Filename | VCF Column header | Merged sample names |
case_A.strelka.vcf | #CHROM ... FORMAT SAMPLE1 SAMPLE2 | case_A|SAMPLE1
case_A|SAMPLE2
|
case_A.mutect.vcf | #CHROM ... FORMAT SAMPLE1 SAMPLE2 | case_A|SAMPLE1
case_A|SAMPLE2
|
case_B.strelka.vcf | #CHROM ... FORMAT SAMPLE3 SAMPLE4 | case_B|SAMPLE3
case_B|SAMPLE4
|
case_B.mutect.vcf | #CHROM ... FORMAT SAMPLE3 SAMPLE4 | case_B|SAMPLE3
case_B|SAMPLE4
|
Given the input VCFs above, the resulting merged VCF will have four sample columns:
- case_A | SAMPLE1
- case_A | SAMPLE2
- case_B | SAMPLE3
- case_B | SAMPLE4
Filter cell values and rows¶
Variant records are filtered to highlight the high-confidence somatic variants.
For VCFs from supported callers, merge filters the result to include only valid variants records where at least one variant at that loci was somatic.
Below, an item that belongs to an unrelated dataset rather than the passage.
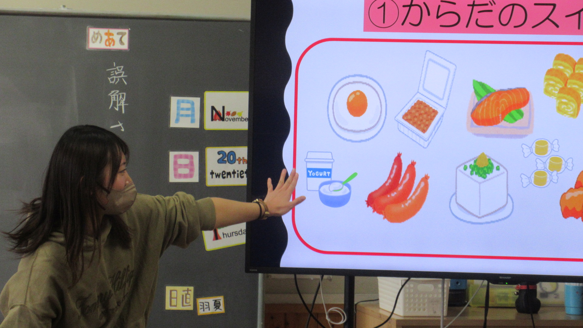 「あたまスイッチ」(炭水化物)「からだスイッチ」(タンパク質)「おなかスイッチ」(ビタミン)について学び、それぞれどのような食材が当てはまるのかを学びました。

The filter stringency can be set with flags described above. Since these filters operate on Jacquard tags, merge cannot filter VCFs from unsupported callers; use –include_all for untranslated VCF files.
Assemble the subset of FORMAT tags¶
Merge builds a new set of INFO tags and returns a subset of incoming FORMAT tags. By default, Jacquard only carries forward tags that begin with ‘JQ’, i.e. Jacquard-translated tags. When working with VCFs from unsupported callers, use –include_format_tags or –include_all to merge unstranslated VCFs.
Note that while most variant callers have their own distinct set of FORMAT tags, some tag names are common across multiple callers. If there are any FORMAT tag name collisions, merge will add a prefix (e.g. JQ1_<original_tag>) in order to disambiguate the FORMAT tags.